==== Recorded data

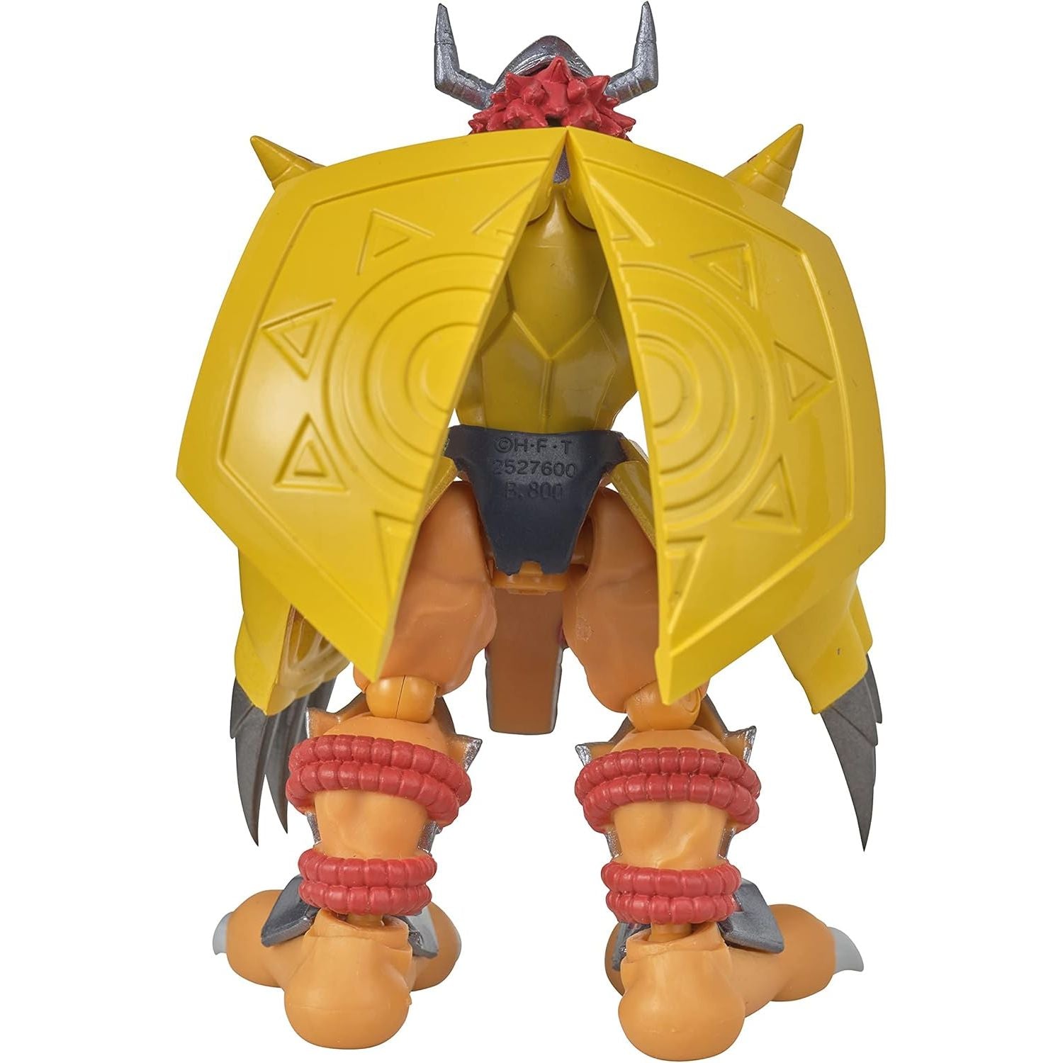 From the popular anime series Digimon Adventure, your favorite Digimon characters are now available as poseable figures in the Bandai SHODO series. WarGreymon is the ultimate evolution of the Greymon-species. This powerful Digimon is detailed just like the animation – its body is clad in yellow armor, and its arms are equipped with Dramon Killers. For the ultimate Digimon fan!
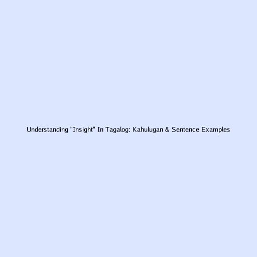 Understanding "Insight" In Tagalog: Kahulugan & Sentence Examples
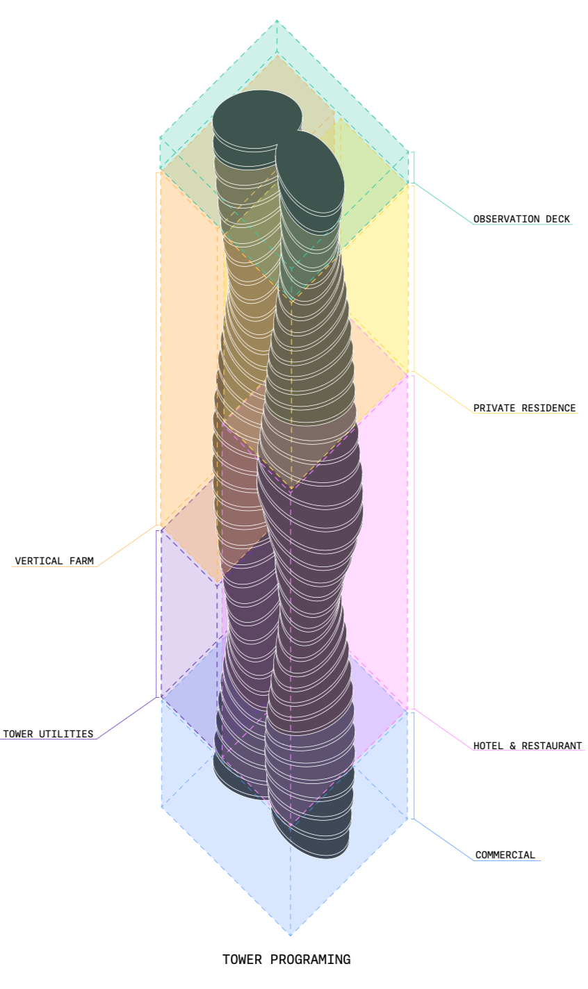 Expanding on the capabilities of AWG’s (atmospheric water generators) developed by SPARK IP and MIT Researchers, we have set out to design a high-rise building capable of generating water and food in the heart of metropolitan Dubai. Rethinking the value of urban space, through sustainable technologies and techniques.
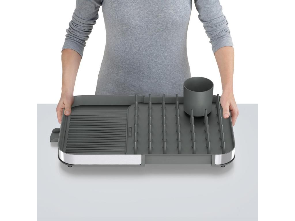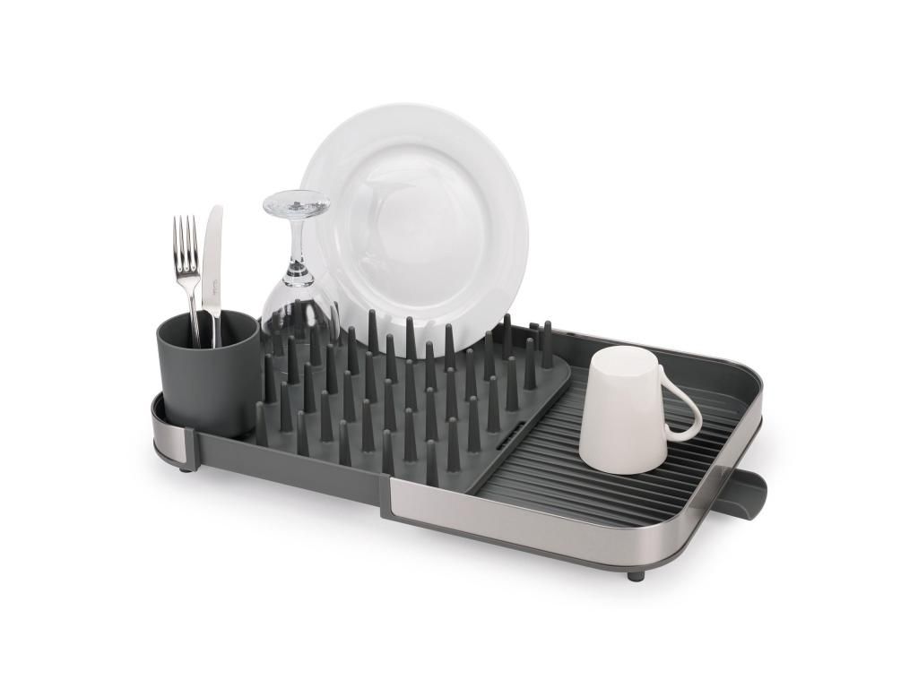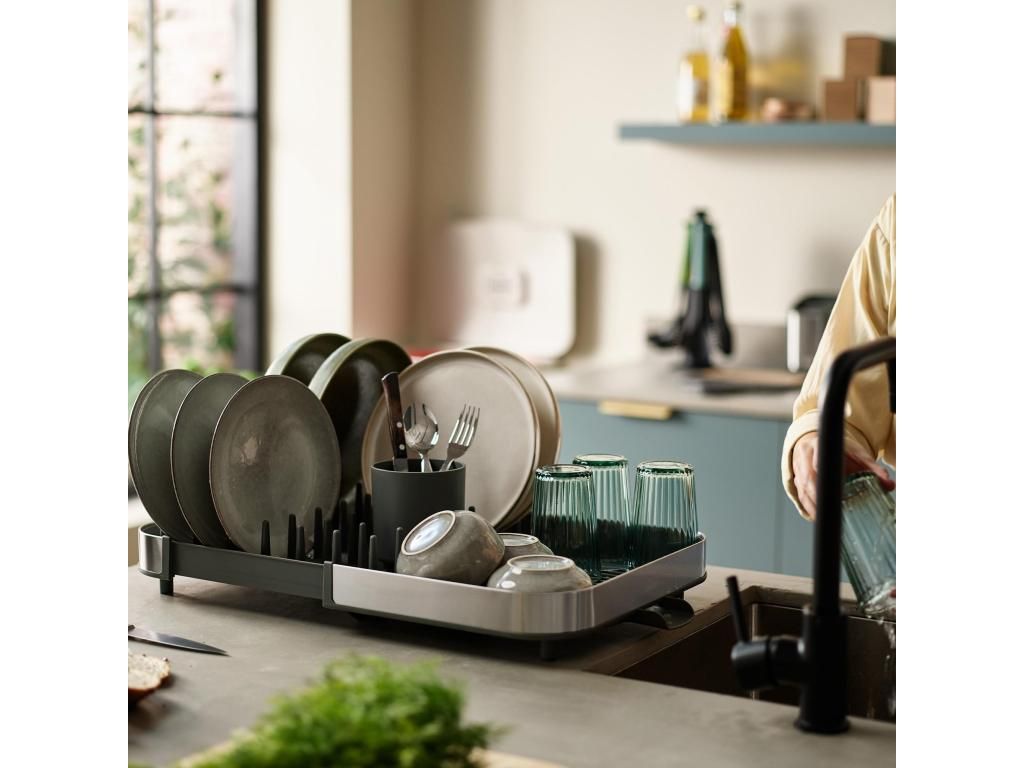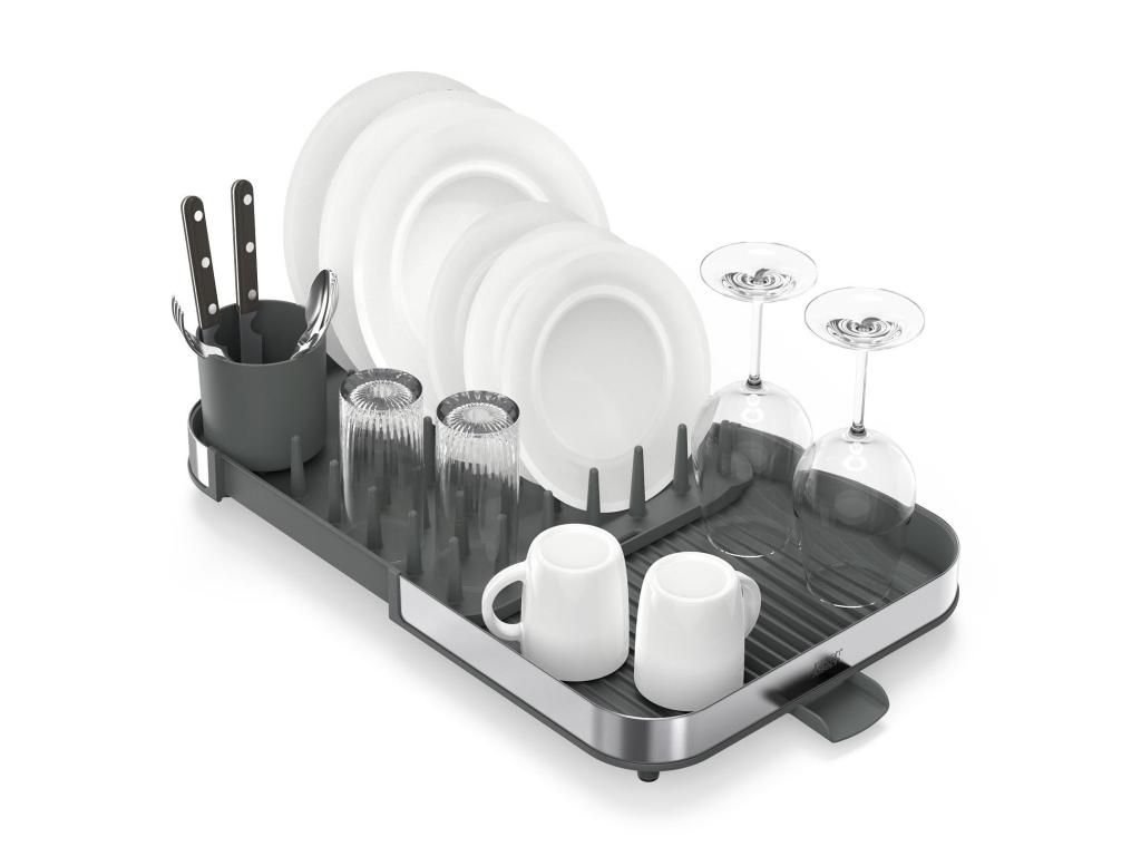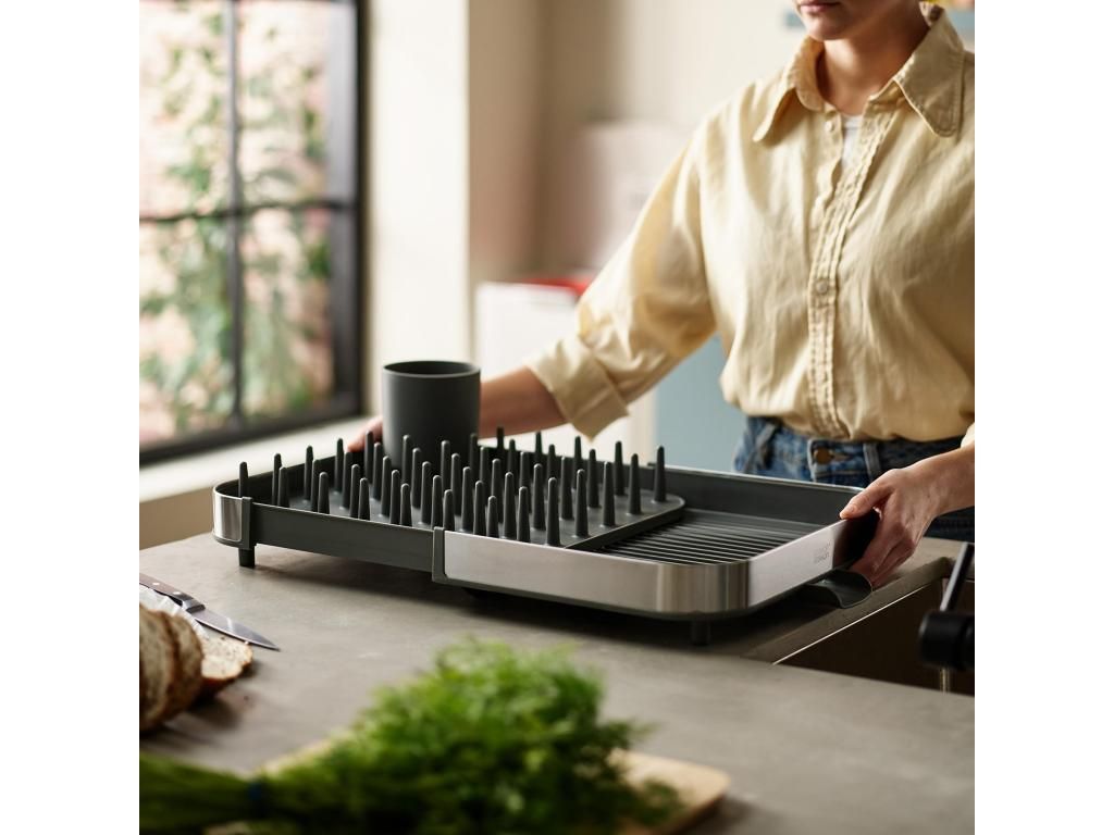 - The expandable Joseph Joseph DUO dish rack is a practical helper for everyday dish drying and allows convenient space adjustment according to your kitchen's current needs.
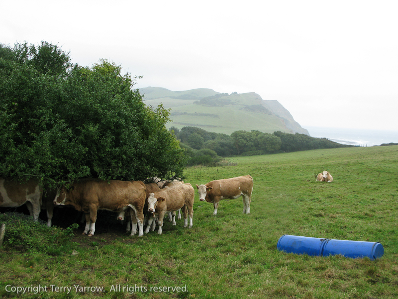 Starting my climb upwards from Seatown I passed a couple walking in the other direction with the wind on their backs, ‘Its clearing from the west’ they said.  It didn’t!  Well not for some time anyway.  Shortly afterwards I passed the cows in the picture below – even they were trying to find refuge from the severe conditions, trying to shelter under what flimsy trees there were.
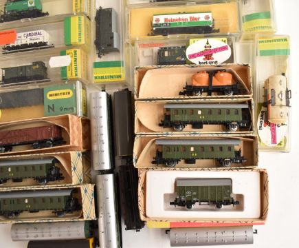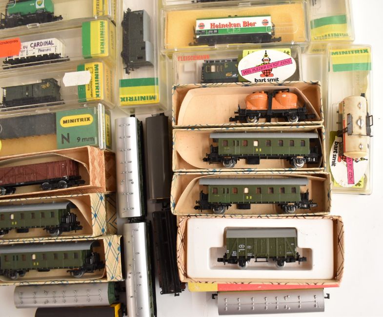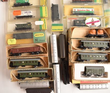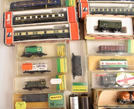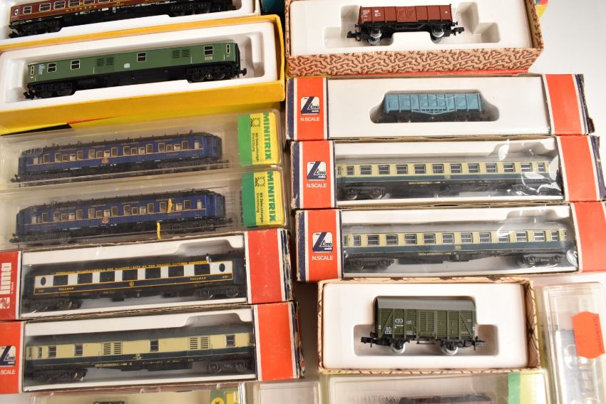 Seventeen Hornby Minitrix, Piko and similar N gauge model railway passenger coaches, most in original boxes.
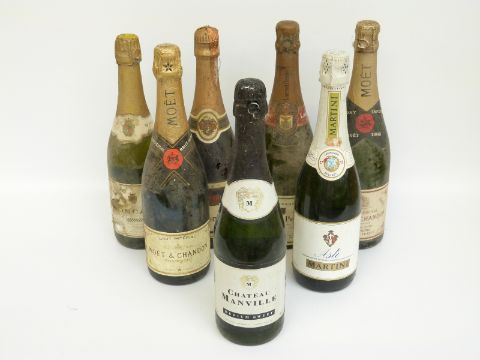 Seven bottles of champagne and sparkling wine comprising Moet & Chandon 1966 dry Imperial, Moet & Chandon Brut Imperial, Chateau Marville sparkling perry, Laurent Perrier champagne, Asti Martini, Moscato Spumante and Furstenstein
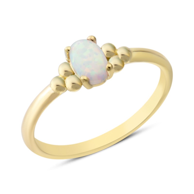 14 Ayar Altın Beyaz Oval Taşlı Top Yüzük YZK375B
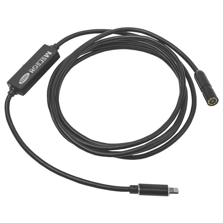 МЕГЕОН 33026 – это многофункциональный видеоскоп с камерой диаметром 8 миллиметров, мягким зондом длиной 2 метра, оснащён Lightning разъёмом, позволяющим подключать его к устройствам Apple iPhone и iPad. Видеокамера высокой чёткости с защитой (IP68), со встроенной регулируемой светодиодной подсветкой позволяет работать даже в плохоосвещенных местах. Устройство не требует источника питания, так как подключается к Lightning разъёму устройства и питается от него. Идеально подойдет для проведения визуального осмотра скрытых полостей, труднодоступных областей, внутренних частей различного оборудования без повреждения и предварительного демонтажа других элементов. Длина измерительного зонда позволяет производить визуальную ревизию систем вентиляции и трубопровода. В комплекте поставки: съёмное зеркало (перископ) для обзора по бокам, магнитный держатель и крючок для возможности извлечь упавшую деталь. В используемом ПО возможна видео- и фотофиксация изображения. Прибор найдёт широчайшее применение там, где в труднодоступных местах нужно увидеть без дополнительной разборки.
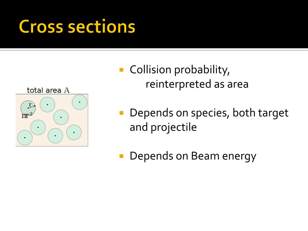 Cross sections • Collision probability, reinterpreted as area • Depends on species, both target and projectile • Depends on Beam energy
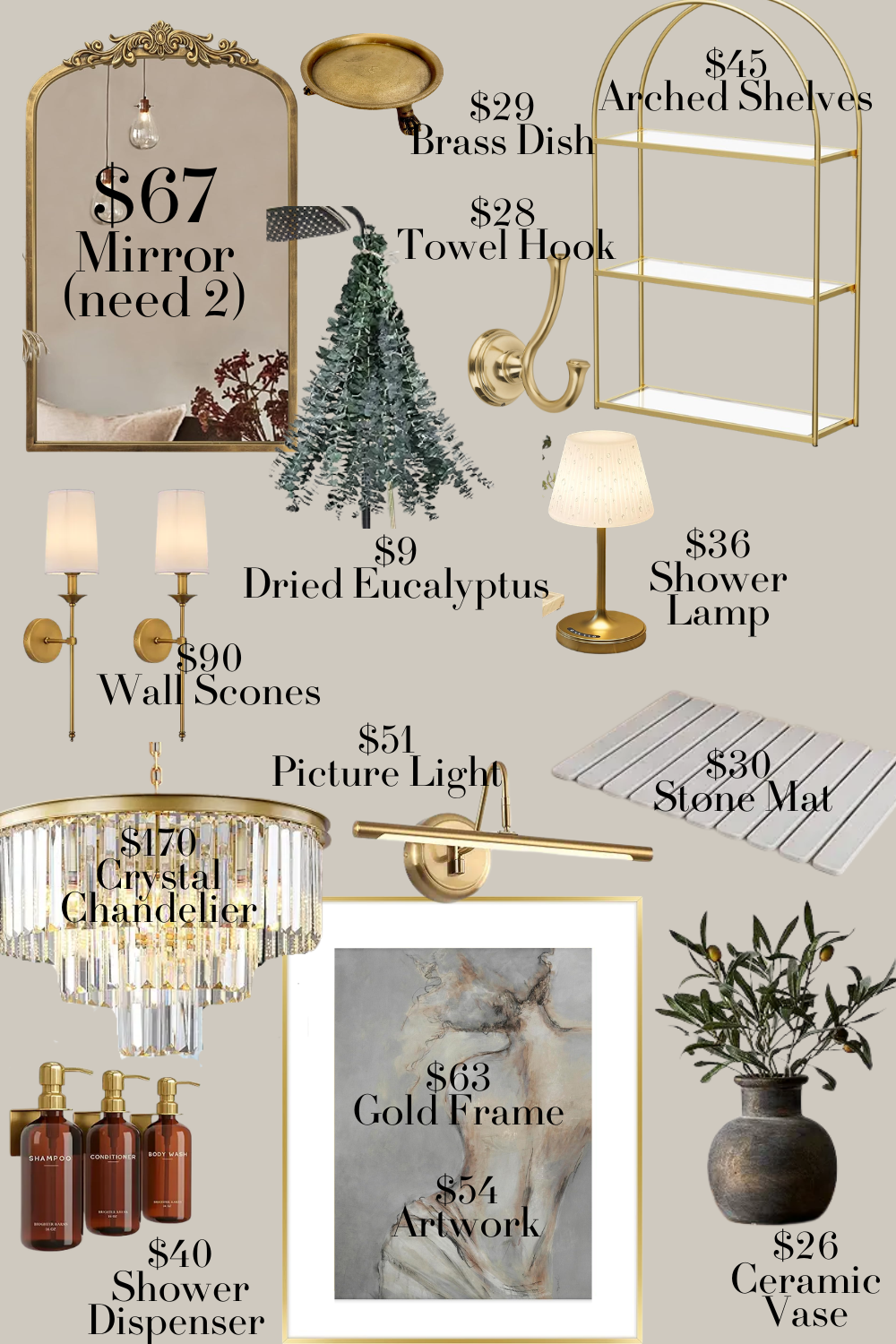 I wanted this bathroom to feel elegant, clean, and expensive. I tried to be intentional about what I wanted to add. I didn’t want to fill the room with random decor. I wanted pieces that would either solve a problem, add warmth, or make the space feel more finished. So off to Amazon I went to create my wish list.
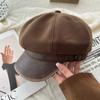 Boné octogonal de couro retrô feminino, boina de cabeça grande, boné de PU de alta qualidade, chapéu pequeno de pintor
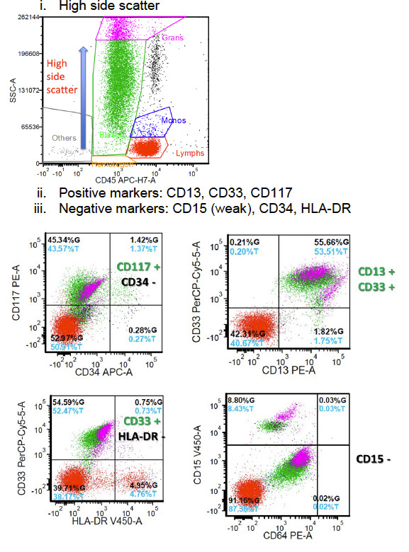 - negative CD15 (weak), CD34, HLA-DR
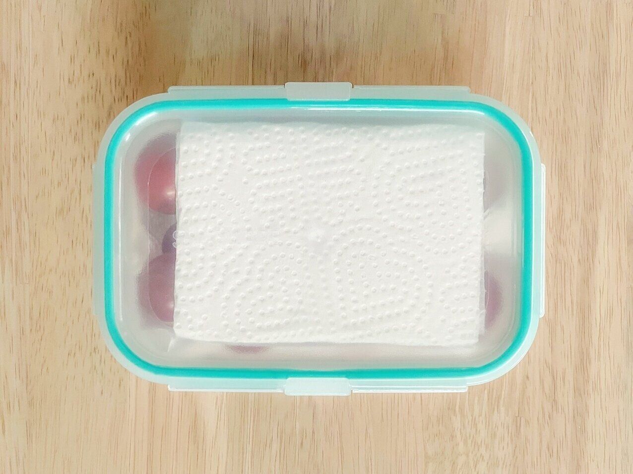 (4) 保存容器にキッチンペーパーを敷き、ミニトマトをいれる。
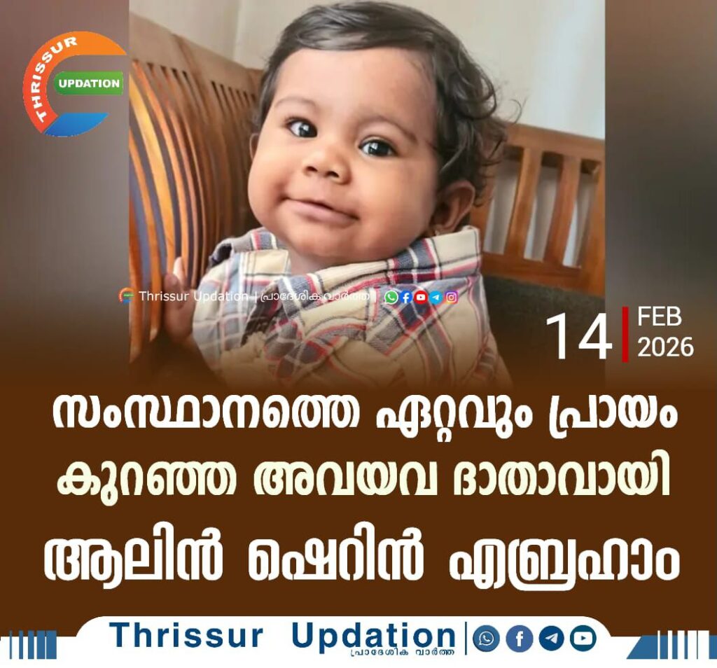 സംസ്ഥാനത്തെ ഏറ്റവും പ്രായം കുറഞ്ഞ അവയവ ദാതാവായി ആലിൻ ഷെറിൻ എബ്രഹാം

========

> [Task requirements]
Transcribe the listing in full. Omit the pictures and keep every line exact.

> [Finished task]
 From the popular anime series Digimon Adventure, your favorite Digimon characters are now available as poseable figures in the Bandai SHODO series. WarGreymon is the ultimate evolution of the Greymon-species. This powerful Digimon is detailed just like the animation – its body is clad in yellow armor, and its arms are equipped with Dramon Killers. For the ultimate Digimon fan!
 Understanding "Insight" In Tagalog: Kahulugan & Sentence Examples
 Expanding on the capabilities of AWG’s (atmospheric water generators) developed by SPARK IP and MIT Researchers, we have set out to design a high-rise building capable of generating water and food in the heart of metropolitan Dubai. Rethinking the value of urban space, through sustainable technologies and techniques.
 - The expandable Joseph Joseph DUO dish rack is a practical helper for everyday dish drying and allows convenient space adjustment according to your kitchen's current needs.
 Starting my climb upwards from Seatown I passed a couple walking in the other direction with the wind on their backs, ‘Its clearing from the west’ they said.  It didn’t!  Well not for some time anyway.  Shortly afterwards I passed the cows in the picture below – even they were trying to find refuge from the severe conditions, trying to shelter under what flimsy trees there were.
 Seventeen Hornby Minitrix, Piko and similar N gauge model railway passenger coaches, most in original boxes.
 Seven bottles of champagne and sparkling wine comprising Moet & Chandon 1966 dry Imperial, Moet & Chandon Brut Imperial, Chateau Marville sparkling perry, Laurent Perrier champagne, Asti Martini, Moscato Spumante and Furstenstein
 14 Ayar Altın Beyaz Oval Taşlı Top Yüzük YZK375B
 МЕГЕОН 33026 – это многофункциональный видеоскоп с камерой диаметром 8 миллиметров, мягким зондом длиной 2 метра, оснащён Lightning разъёмом, позволяющим подключать его к устройствам Apple iPhone и iPad. Видеокамера высокой чёткости с защитой (IP68), со встроенной регулируемой светодиодной подсветкой позволяет работать даже в плохоосвещенных местах. Устройство не требует источника питания, так как подключается к Lightning разъёму устройства и питается от него. Идеально подойдет для проведения визуального осмотра скрытых полостей, труднодоступных областей, внутренних частей различного оборудования без повреждения и предварительного демонтажа других элементов. Длина измерительного зонда позволяет производить визуальную ревизию систем вентиляции и трубопровода. В комплекте поставки: съёмное зеркало (перископ) для обзора по бокам, магнитный держатель и крючок для возможности извлечь упавшую деталь. В используемом ПО возможна видео- и фотофиксация изображения. Прибор найдёт широчайшее применение там, где в труднодоступных местах нужно увидеть без дополнительной разборки.
 Cross sections • Collision probability, reinterpreted as area • Depends on species, both target and projectile • Depends on Beam energy
 I wanted this bathroom to feel elegant, clean, and expensive. I tried to be intentional about what I wanted to add. I didn’t want to fill the room with random decor. I wanted pieces that would either solve a problem, add warmth, or make the space feel more finished. So off to Amazon I went to create my wish list.
 Boné octogonal de couro retrô feminino, boina de cabeça grande, boné de PU de alta qualidade, chapéu pequeno de pintor
 - negative CD15 (weak), CD34, HLA-DR
 (4) 保存容器にキッチンペーパーを敷き、ミニトマトをいれる。
 സംസ്ഥാനത്തെ ഏറ്റവും പ്രായം കുറഞ്ഞ അവയവ ദാതാവായി ആലിൻ ഷെറിൻ എബ്രഹാം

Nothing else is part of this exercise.